Если художественная литература несёт какую-то весть, то лишь эту: человек свободен. Он свободен не потому, что он этого хочет (чаще всего не хочет). Но потому, что он так устроен. Такова природа существа, наделённого индивидуальным сознанием. Человек заключён в своей свободе, – пусть же литература напомнит ему об этом. Сопротивляться! Литература есть воплощение человеческого достоинства. В этом её скрытый пафос; в этом, может быть, и её последнее оправдание.

    Мюнхен, август 2008

Часть III, эпистолярная

Избранные письма к друзьям

Об эпистолярной прозе

Вместо предисловия

В XVII веке Мари де Рабютен-Шанталь маркиза де Севинье, чью жизнь с детства и юности омрачали утраты (ранняя смерть матери, отец пал в сражении с англичанами, беспутный муж убит на дуэли), долгими часами одиноко бродила в саду перед своим бретонским замком и, возвращаясь к «скуке кресла», охваченная тоской разлуки с дочерью, создала новый литературный жанр – почтовую прозу. Тысяча сто писем написанных набело почти без черновиков, мысленный разговор с дочерью, графиней Граньян (ответные письма не сохранились), обессмертили маркизу, положив начало традиции, не увядшей поныне. Готфрид Лейбниц оставил 15 тысяч писем, изрядную долю которых составляют философские трактаты. Роман в письмах, «классический, старинный, отменно длинный, длинный, длинный», излюбленный жанр европейской прозы семнадцатого и восемнадцатого столетий, – всё-таки, говоря по-верленовски, – только литература. Личные письма предназначаются для адресата, не ожидающего получить художественное произведение. Гениальное изобретение мадам де Севинье, казалось, заведомо было обречено разделить судьбу традиционного романа в письмах. Ничуть не бывало.
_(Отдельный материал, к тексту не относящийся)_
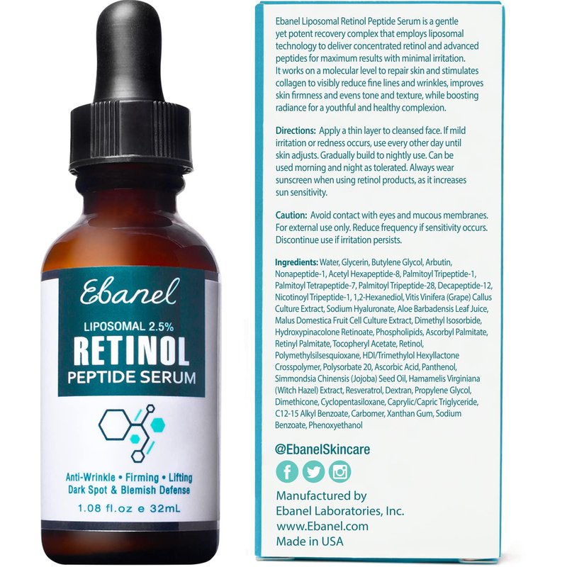 Ebanel Liposomal 2.5% Retinol Serum for Face with Hyaluronic Acid, Peptide, Vitamin C, Pore Minimizer Skin Tightening, Anti Aging Serum, Minimizes Wrinkles, Fine Lines, Age Spots

Моё отрочество совпало с войной и эвакуацией. Я мечтал стать писателем. Однажды я получил сложенное треугольником послание из далёкого уральского города от троюродного дяди, он выражал желание затеять со мной литературную переписку. Я с восторгом откликнулся на это предложение; переписка завязалась. Мой корреспондент был удивлён, узнав, что я не оставляю себе черновиков. Несколько лет спустя – война окончилась, и мы вернулись в Москву – я был арестован, крысы в погонах нашли и утащили все письма. Так завершился мой первый опыт переписки на темы, далёкие от бытовой обыденности. Эмиграция в Германию побудила на свой лад последовать примеру незабвенной маркизы. Живя много лет на чужбине, я сочинил и послал друзьям столько писем, сколько не писал прежде за всю жизнь. Часть этой словесности решаюсь предложить читателям.